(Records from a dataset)
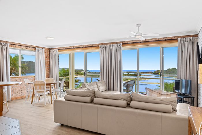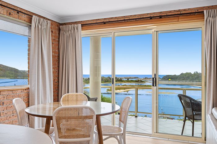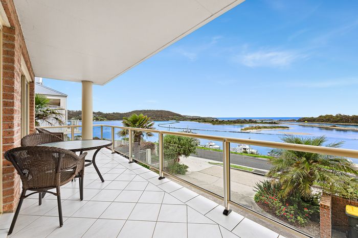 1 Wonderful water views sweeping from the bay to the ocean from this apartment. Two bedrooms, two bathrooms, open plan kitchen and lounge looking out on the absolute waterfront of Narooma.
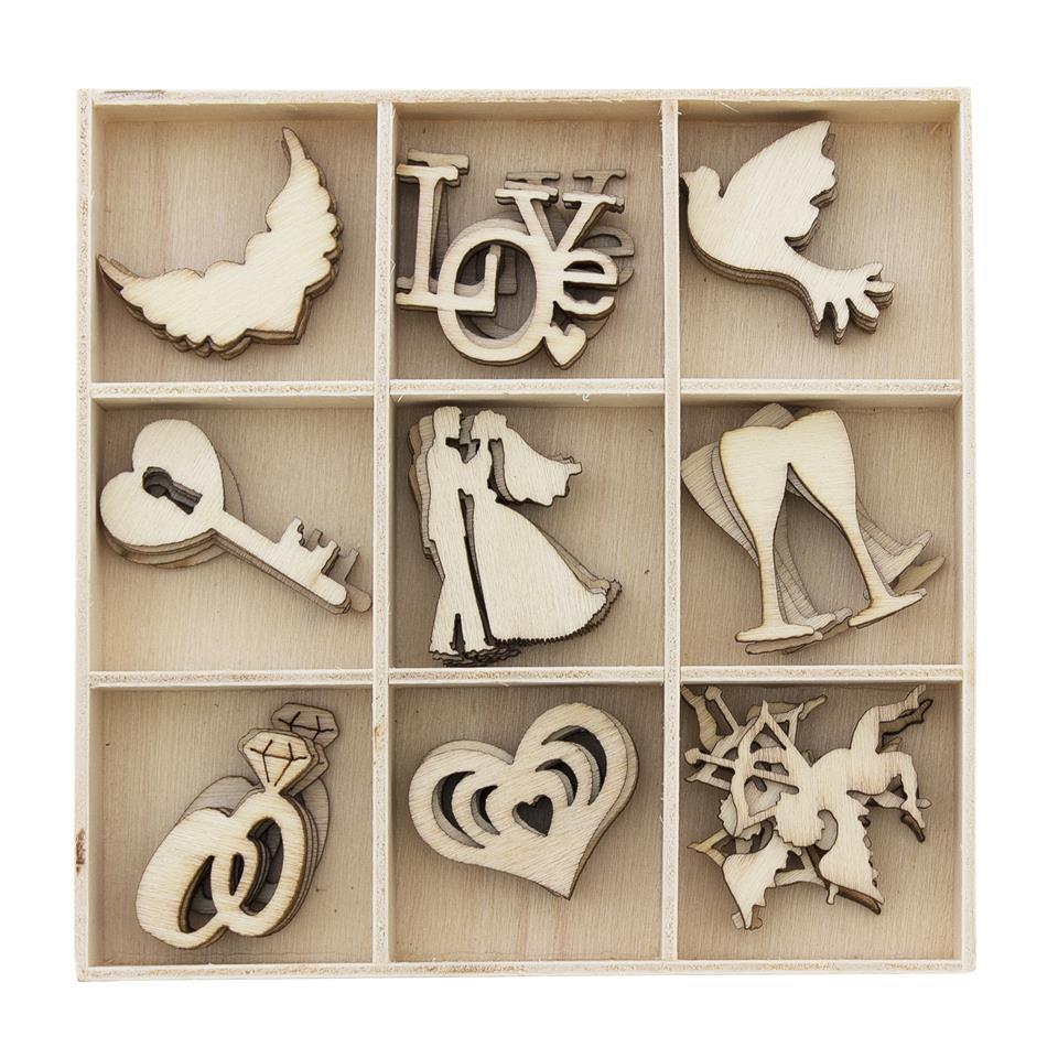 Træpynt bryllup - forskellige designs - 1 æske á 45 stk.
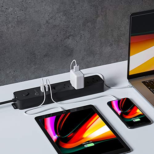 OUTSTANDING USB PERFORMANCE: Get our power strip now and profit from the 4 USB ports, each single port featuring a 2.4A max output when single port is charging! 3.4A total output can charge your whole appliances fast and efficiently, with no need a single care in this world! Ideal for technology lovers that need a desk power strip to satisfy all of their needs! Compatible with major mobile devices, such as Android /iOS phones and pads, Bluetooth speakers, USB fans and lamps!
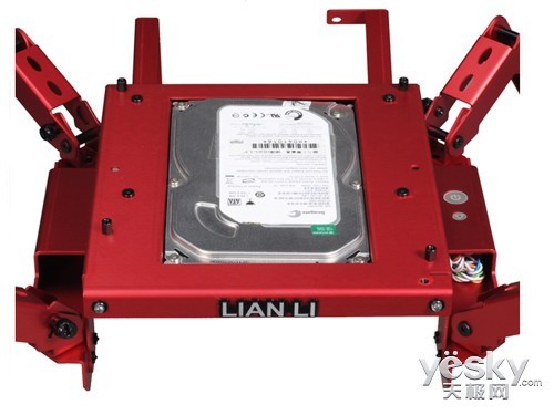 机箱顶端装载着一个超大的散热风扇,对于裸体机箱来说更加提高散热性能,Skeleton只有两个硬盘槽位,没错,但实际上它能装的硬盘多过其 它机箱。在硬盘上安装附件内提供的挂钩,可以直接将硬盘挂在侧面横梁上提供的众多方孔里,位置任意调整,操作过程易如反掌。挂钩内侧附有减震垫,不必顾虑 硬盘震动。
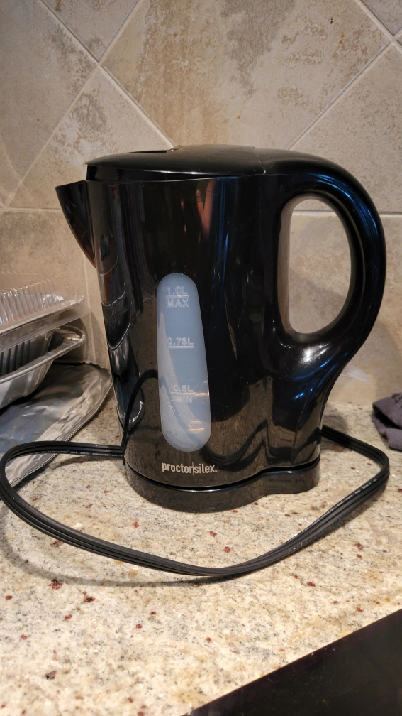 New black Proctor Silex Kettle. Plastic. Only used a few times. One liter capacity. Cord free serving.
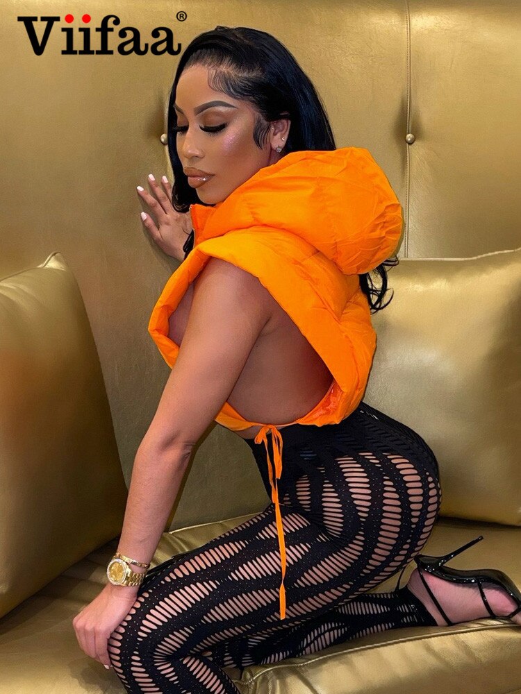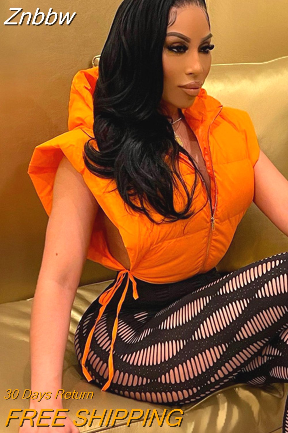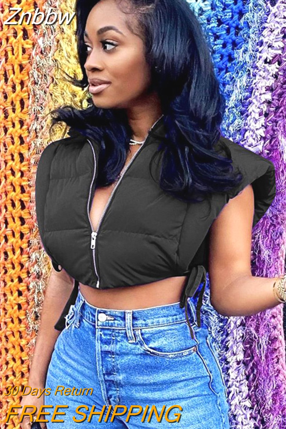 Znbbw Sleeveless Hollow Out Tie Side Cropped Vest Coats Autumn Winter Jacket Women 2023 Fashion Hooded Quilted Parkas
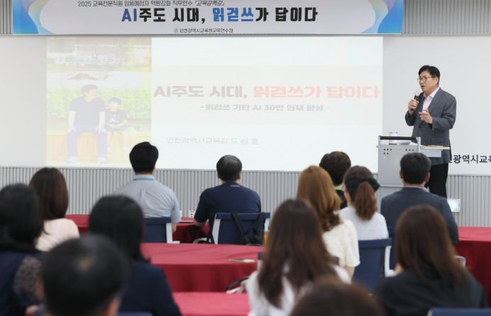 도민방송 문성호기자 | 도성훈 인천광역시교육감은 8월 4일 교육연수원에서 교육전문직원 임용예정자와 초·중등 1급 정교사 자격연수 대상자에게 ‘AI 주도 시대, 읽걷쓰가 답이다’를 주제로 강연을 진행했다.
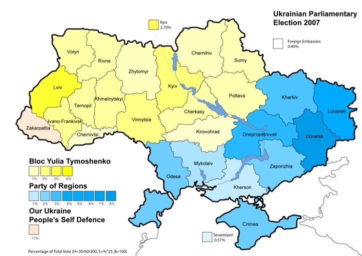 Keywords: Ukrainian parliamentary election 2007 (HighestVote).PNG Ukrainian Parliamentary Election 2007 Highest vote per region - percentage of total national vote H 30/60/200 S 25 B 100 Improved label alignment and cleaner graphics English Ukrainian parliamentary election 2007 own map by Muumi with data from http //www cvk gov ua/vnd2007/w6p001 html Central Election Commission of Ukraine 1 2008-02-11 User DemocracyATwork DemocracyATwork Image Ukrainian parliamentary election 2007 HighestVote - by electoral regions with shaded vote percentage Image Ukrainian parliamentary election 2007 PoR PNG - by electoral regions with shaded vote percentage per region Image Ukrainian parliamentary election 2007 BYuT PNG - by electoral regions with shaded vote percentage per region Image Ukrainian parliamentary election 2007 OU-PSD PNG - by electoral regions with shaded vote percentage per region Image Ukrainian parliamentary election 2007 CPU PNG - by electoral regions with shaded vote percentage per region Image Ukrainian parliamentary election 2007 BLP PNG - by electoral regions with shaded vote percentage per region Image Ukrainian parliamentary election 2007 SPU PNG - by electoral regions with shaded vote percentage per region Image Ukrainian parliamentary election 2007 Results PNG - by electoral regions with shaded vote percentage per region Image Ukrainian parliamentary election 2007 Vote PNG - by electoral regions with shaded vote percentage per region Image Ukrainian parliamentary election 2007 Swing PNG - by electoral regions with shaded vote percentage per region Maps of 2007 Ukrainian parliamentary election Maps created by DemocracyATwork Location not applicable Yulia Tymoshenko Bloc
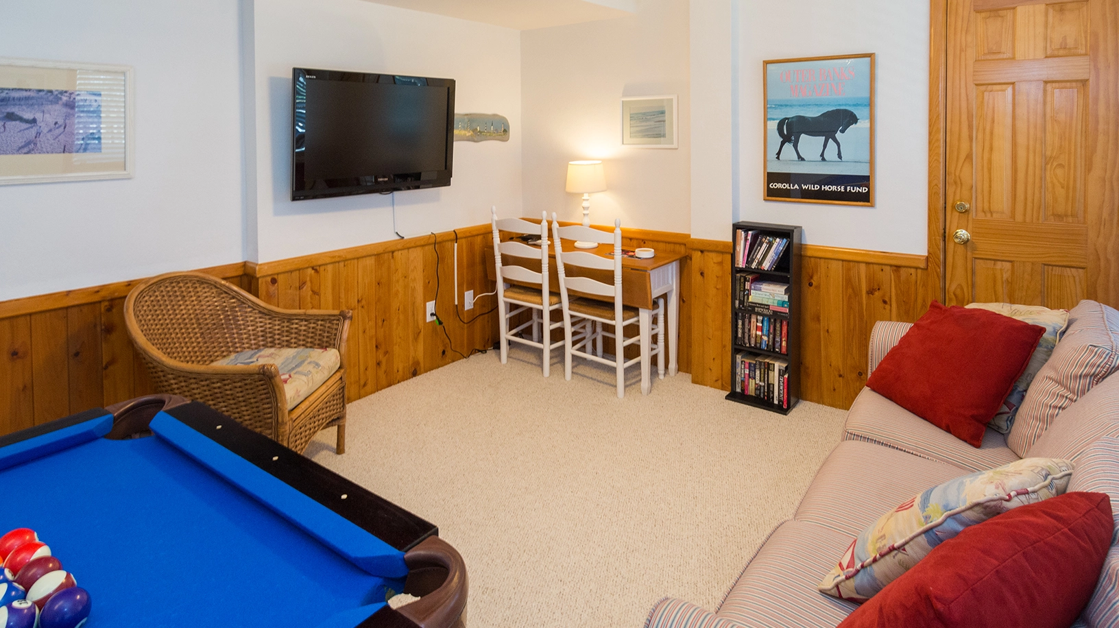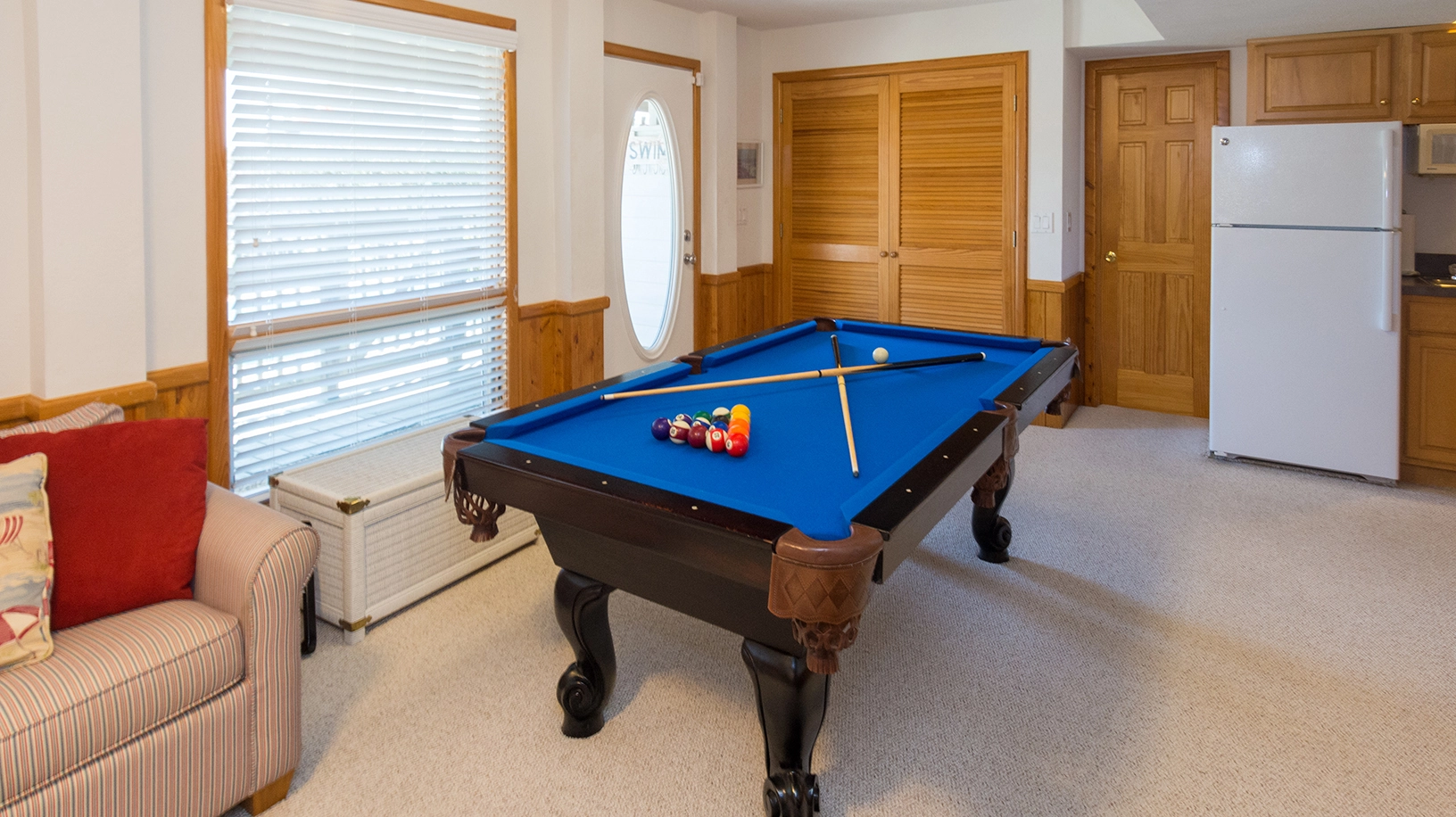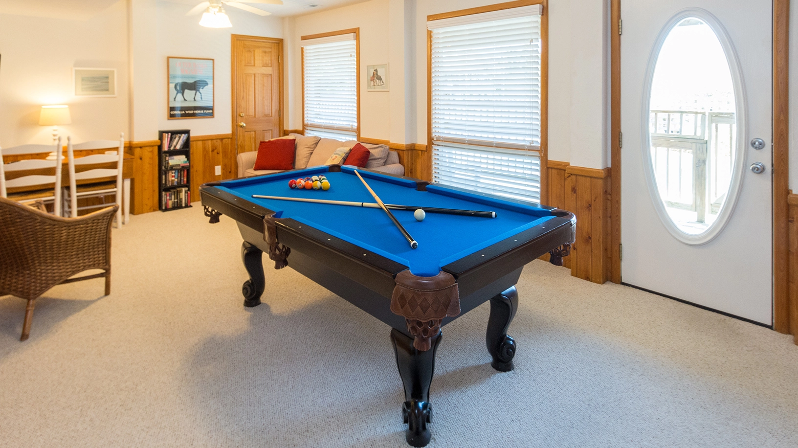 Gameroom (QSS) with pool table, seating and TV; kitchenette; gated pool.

*What is expected*
Your answer must be an exact copy of the entries above, with no pictures in it.

*Solution to this problem*
 1 Wonderful water views sweeping from the bay to the ocean from this apartment. Two bedrooms, two bathrooms, open plan kitchen and lounge looking out on the absolute waterfront of Narooma.
 Træpynt bryllup - forskellige designs - 1 æske á 45 stk.
 OUTSTANDING USB PERFORMANCE: Get our power strip now and profit from the 4 USB ports, each single port featuring a 2.4A max output when single port is charging! 3.4A total output can charge your whole appliances fast and efficiently, with no need a single care in this world! Ideal for technology lovers that need a desk power strip to satisfy all of their needs! Compatible with major mobile devices, such as Android /iOS phones and pads, Bluetooth speakers, USB fans and lamps!
 机箱顶端装载着一个超大的散热风扇,对于裸体机箱来说更加提高散热性能,Skeleton只有两个硬盘槽位,没错,但实际上它能装的硬盘多过其 它机箱。在硬盘上安装附件内提供的挂钩,可以直接将硬盘挂在侧面横梁上提供的众多方孔里,位置任意调整,操作过程易如反掌。挂钩内侧附有减震垫,不必顾虑 硬盘震动。
 New black Proctor Silex Kettle. Plastic. Only used a few times. One liter capacity. Cord free serving.
 Znbbw Sleeveless Hollow Out Tie Side Cropped Vest Coats Autumn Winter Jacket Women 2023 Fashion Hooded Quilted Parkas
 도민방송 문성호기자 | 도성훈 인천광역시교육감은 8월 4일 교육연수원에서 교육전문직원 임용예정자와 초·중등 1급 정교사 자격연수 대상자에게 ‘AI 주도 시대, 읽걷쓰가 답이다’를 주제로 강연을 진행했다.
 Keywords: Ukrainian parliamentary election 2007 (HighestVote).PNG Ukrainian Parliamentary Election 2007 Highest vote per region - percentage of total national vote H 30/60/200 S 25 B 100 Improved label alignment and cleaner graphics English Ukrainian parliamentary election 2007 own map by Muumi with data from http //www cvk gov ua/vnd2007/w6p001 html Central Election Commission of Ukraine 1 2008-02-11 User DemocracyATwork DemocracyATwork Image Ukrainian parliamentary election 2007 HighestVote - by electoral regions with shaded vote percentage Image Ukrainian parliamentary election 2007 PoR PNG - by electoral regions with shaded vote percentage per region Image Ukrainian parliamentary election 2007 BYuT PNG - by electoral regions with shaded vote percentage per region Image Ukrainian parliamentary election 2007 OU-PSD PNG - by electoral regions with shaded vote percentage per region Image Ukrainian parliamentary election 2007 CPU PNG - by electoral regions with shaded vote percentage per region Image Ukrainian parliamentary election 2007 BLP PNG - by electoral regions with shaded vote percentage per region Image Ukrainian parliamentary election 2007 SPU PNG - by electoral regions with shaded vote percentage per region Image Ukrainian parliamentary election 2007 Results PNG - by electoral regions with shaded vote percentage per region Image Ukrainian parliamentary election 2007 Vote PNG - by electoral regions with shaded vote percentage per region Image Ukrainian parliamentary election 2007 Swing PNG - by electoral regions with shaded vote percentage per region Maps of 2007 Ukrainian parliamentary election Maps created by DemocracyATwork Location not applicable Yulia Tymoshenko Bloc
 Gameroom (QSS) with pool table, seating and TV; kitchenette; gated pool.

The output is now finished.